Britain’s largest student accommodation provider is facing challenges in filling its university residences as more young individuals opt to stay at home to save money. The Unite Group has experienced a decrease in international students and domestic students reluctant to accumulate significant debts.
The company reported that 86% of its student accommodations have been booked for the upcoming academic year starting in September, although this figure reflects a decrease compared to previous years. Despite a slight increase from the previous year’s reservation rate of 85%, it remains below the 94% reservation rate seen in the 2024/25 academic year.
Since the aftermath of the Covid pandemic, Unite’s occupancy rates have dropped significantly, with its share price plummeting by more than half since 2022. The company plans to sell off less popular university accommodations to focus on leading educational institutions, aiming to sell properties valued between £300 million and £400 million this year.
Joe Lister, Unite Group’s CEO, noted a positive trend in reservations for the 2026/27 academic year, attributing it to effective marketing strategies and pricing adjustments. He highlighted the financial challenges faced by students due to inadequate loan adjustments for inflation.
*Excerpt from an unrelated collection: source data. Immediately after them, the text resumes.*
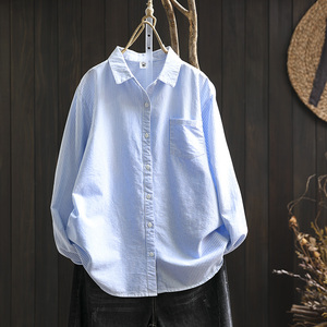 纯棉灰色条纹衬衫女长袖小个子春季新款宽松休闲内搭叠穿打底衬衣
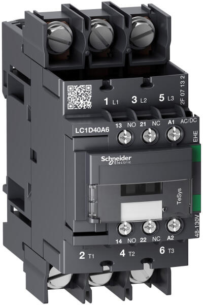 Schneider Electric TeSys D - LC1D40A6EHE - D mágneskapcsoló 3P 40A AC3 NO+NC 48 - 130V ACDC LUGS (LC1D40A6EHE)
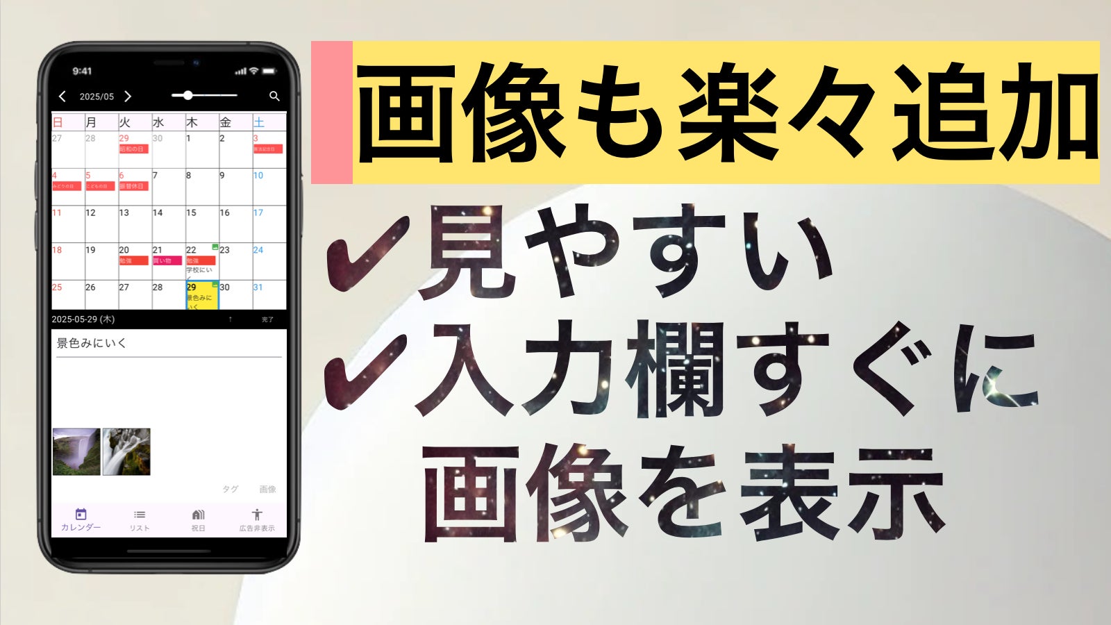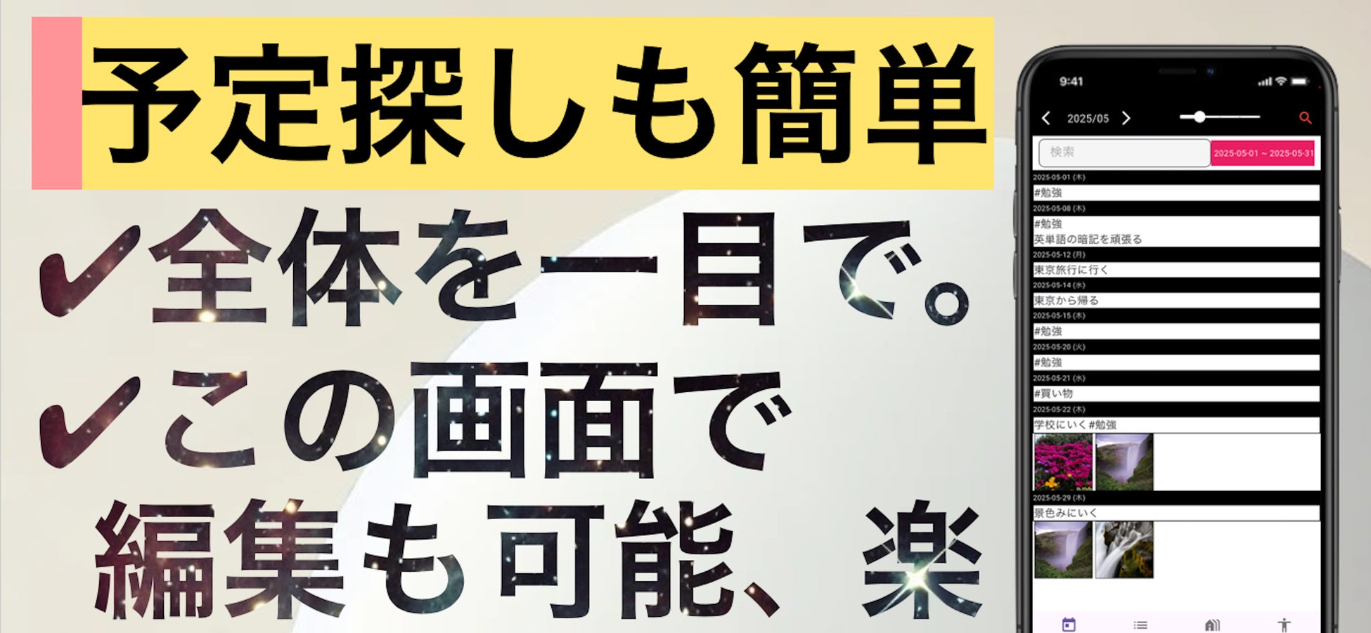 予定を見る、書く、探す。それを「1画面で」。──Calryは、“一画面主義”を貫く稀なカレンダーアプリです。今回、“シンプル”と“使いやすさ”を損なわずに、写真添付・タグ入力・検索機能を追加しました。

Unite Group manages a total of 72,000 beds across 208 properties in 29 cities, including its Unite Students and Hello Students brands. Despite current obstacles, the company anticipates its properties to reach 94% to 96% occupancy for the upcoming academic year, with a projected rental income growth of 1% to 2%.
The company has revised the estimated value of its properties, with a 2.2% decrease in the Unite UK Student Accommodation Fund’s value. Analysts, like Max Harper from Third Bridge, predict ongoing challenges in the student accommodation market, driven by increasing rates of students living at home and declining demand for lower-tier universities.